* SUPPLIED DATA
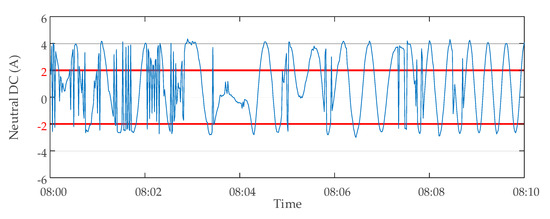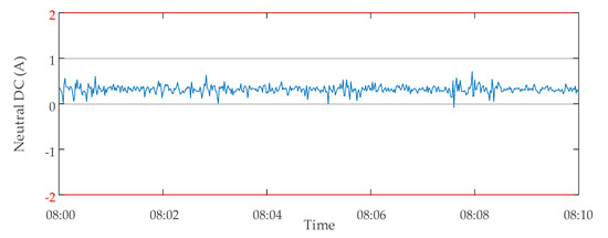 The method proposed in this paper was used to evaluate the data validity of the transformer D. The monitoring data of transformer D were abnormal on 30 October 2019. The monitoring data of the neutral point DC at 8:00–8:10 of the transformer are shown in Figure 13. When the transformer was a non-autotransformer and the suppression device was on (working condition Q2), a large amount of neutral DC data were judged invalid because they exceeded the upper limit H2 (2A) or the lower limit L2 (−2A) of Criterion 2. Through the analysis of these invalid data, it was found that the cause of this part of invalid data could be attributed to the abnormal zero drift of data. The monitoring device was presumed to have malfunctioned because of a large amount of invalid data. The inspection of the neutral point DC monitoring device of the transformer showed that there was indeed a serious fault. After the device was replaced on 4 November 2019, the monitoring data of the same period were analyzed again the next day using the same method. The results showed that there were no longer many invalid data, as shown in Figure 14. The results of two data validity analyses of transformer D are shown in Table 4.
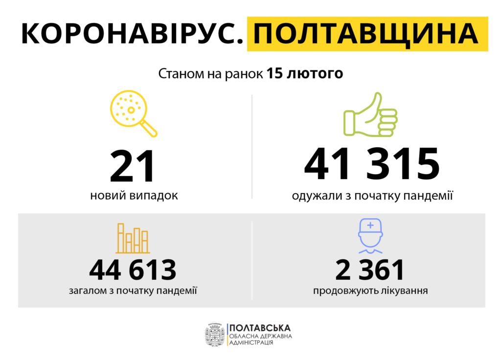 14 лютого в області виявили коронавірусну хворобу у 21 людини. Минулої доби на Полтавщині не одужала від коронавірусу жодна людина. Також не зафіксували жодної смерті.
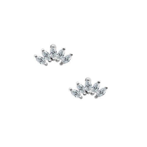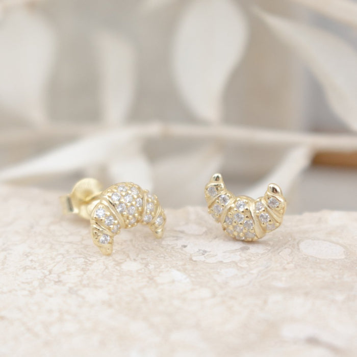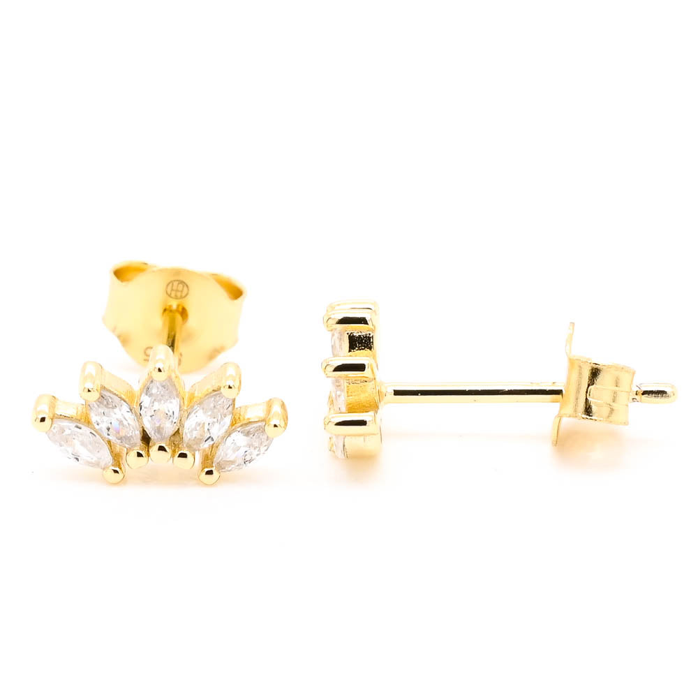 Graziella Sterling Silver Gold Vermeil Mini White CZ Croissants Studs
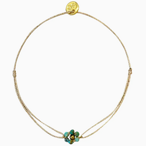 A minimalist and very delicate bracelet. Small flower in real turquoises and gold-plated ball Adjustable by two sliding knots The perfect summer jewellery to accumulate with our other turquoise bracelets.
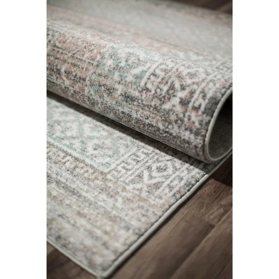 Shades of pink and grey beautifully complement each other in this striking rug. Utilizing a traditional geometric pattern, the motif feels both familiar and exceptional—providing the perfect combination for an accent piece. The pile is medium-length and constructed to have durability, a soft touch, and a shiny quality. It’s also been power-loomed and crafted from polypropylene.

* YOUR OBJECTIVE
Could the entries above be returned verbatim, with no pictures included?

* ANSWER SECTION
 The method proposed in this paper was used to evaluate the data validity of the transformer D. The monitoring data of transformer D were abnormal on 30 October 2019. The monitoring data of the neutral point DC at 8:00–8:10 of the transformer are shown in Figure 13. When the transformer was a non-autotransformer and the suppression device was on (working condition Q2), a large amount of neutral DC data were judged invalid because they exceeded the upper limit H2 (2A) or the lower limit L2 (−2A) of Criterion 2. Through the analysis of these invalid data, it was found that the cause of this part of invalid data could be attributed to the abnormal zero drift of data. The monitoring device was presumed to have malfunctioned because of a large amount of invalid data. The inspection of the neutral point DC monitoring device of the transformer showed that there was indeed a serious fault. After the device was replaced on 4 November 2019, the monitoring data of the same period were analyzed again the next day using the same method. The results showed that there were no longer many invalid data, as shown in Figure 14. The results of two data validity analyses of transformer D are shown in Table 4.
 14 лютого в області виявили коронавірусну хворобу у 21 людини. Минулої доби на Полтавщині не одужала від коронавірусу жодна людина. Також не зафіксували жодної смерті.
 Graziella Sterling Silver Gold Vermeil Mini White CZ Croissants Studs
 A minimalist and very delicate bracelet. Small flower in real turquoises and gold-plated ball Adjustable by two sliding knots The perfect summer jewellery to accumulate with our other turquoise bracelets.
 Shades of pink and grey beautifully complement each other in this striking rug. Utilizing a traditional geometric pattern, the motif feels both familiar and exceptional—providing the perfect combination for an accent piece. The pile is medium-length and constructed to have durability, a soft touch, and a shiny quality. It’s also been power-loomed and crafted from polypropylene.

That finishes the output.